AIM OF THE EXERCISE >>
What should you transcribe? Every line from the top of the records below through the line with "Vintage Brown Canopy", exactly, and no pictures.

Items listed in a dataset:

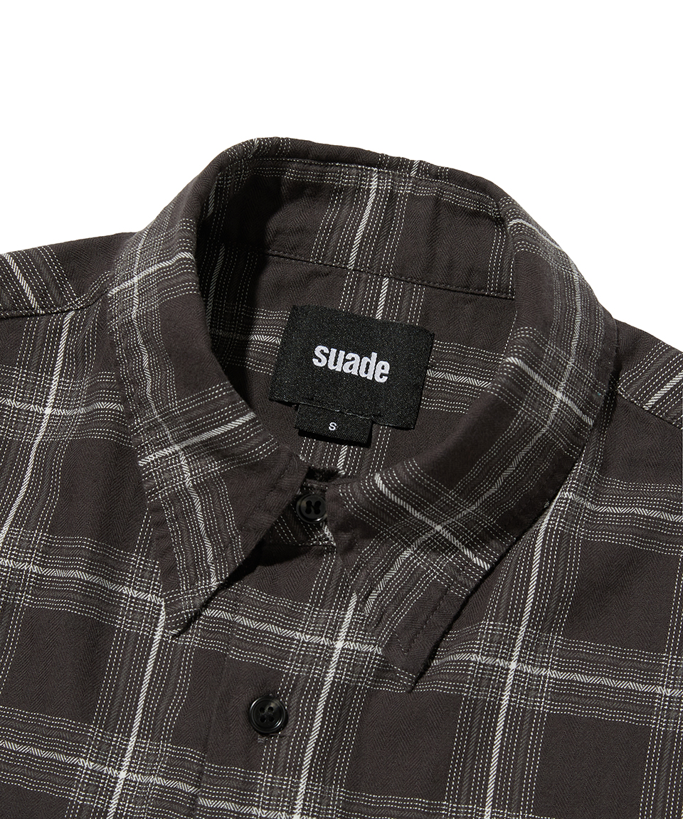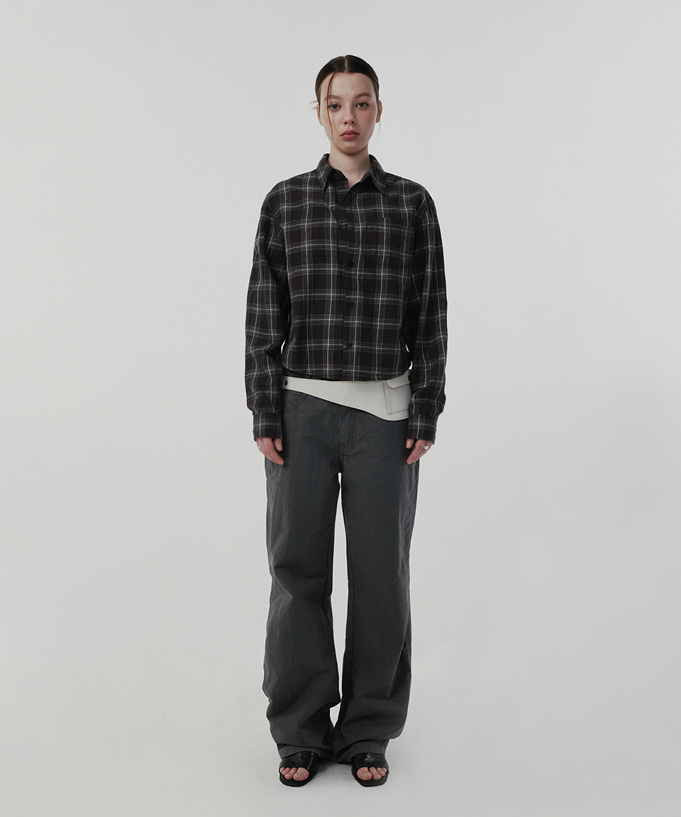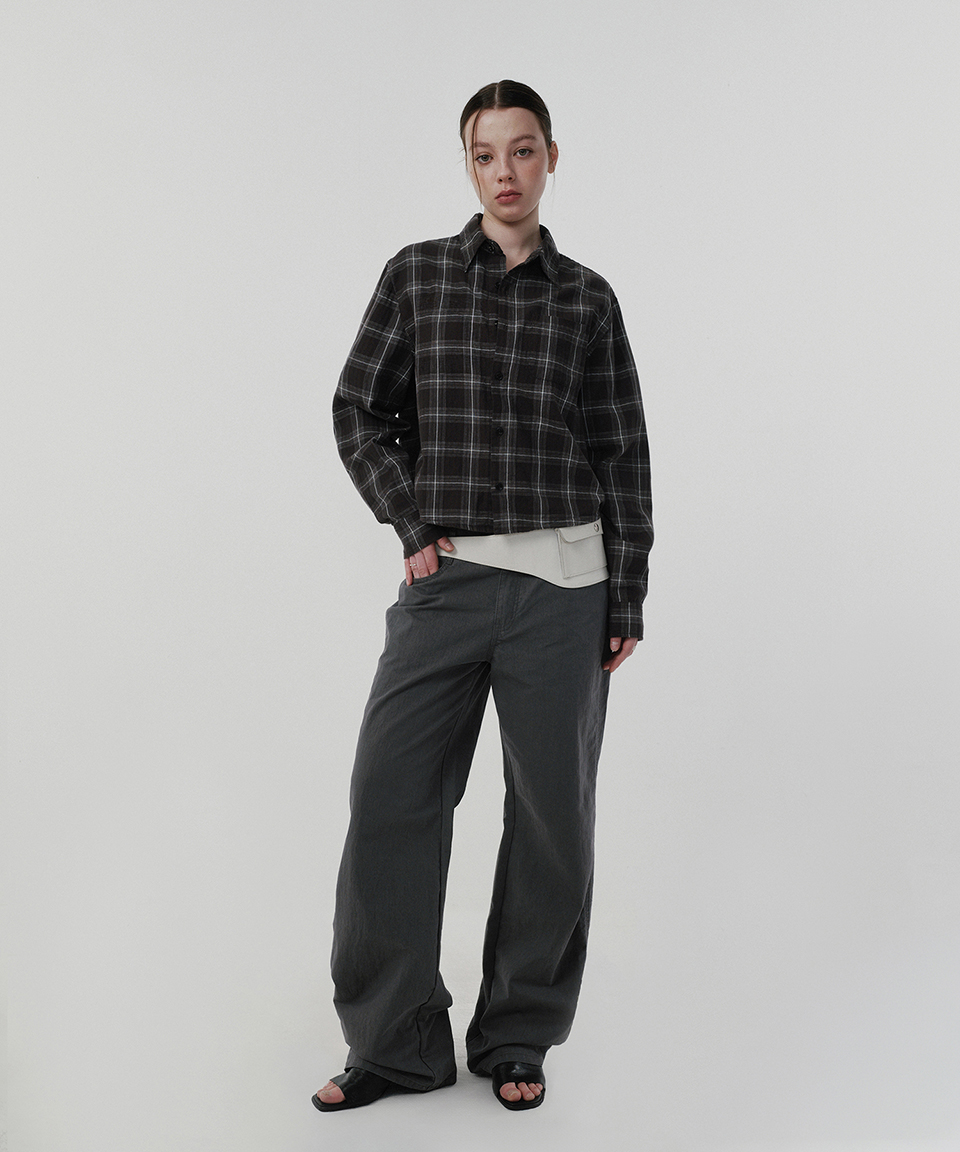 스웨이드 크롭 체크 셔츠 그레이
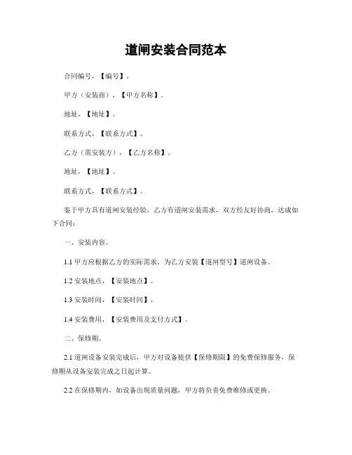 三、保修期及售后服务3.1 道闸安装完成后,乙方应为甲方提供一年的免费保修期,对道闸进行定期检查和维护,保证道闸的正常使用。
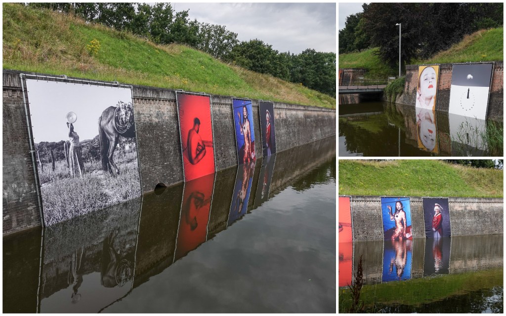 Rondom de vesting zijn er op verschillende plekken doeken opgesteld aan de waterkant. Een mooi effect met de spiegeling ook.
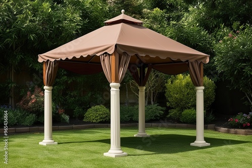 Vintage Brown Canopy Gazebo with Classic Pillars Perfect for Garden Settings and Outdoor Events
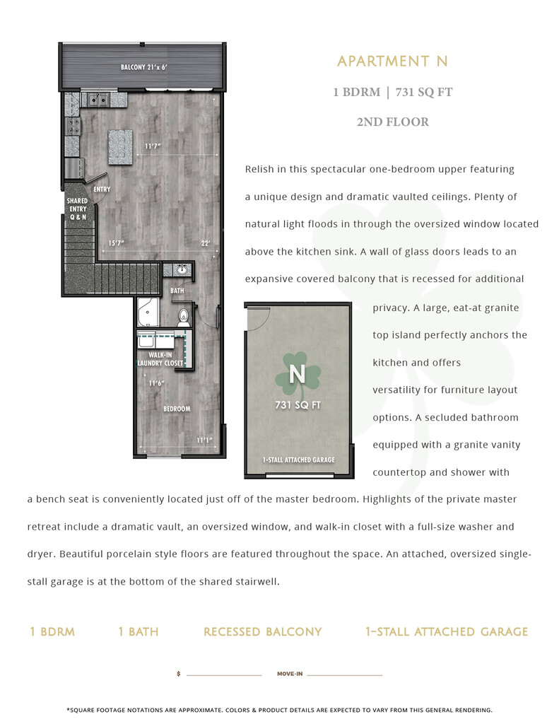 Modelo de apartamento: N$1,3751 Dormitorio, 1 Baño, 731 sq ftNo DisponibleN - Plano 1 Plano: X

SOLUTION TO THIS TASK >>
 스웨이드 크롭 체크 셔츠 그레이
 三、保修期及售后服务3.1 道闸安装完成后,乙方应为甲方提供一年的免费保修期,对道闸进行定期检查和维护,保证道闸的正常使用。
 Rondom de vesting zijn er op verschillende plekken doeken opgesteld aan de waterkant. Een mooi effect met de spiegeling ook.
 Vintage Brown Canopy Gazebo with Classic Pillars Perfect for Garden Settings and Outdoor Events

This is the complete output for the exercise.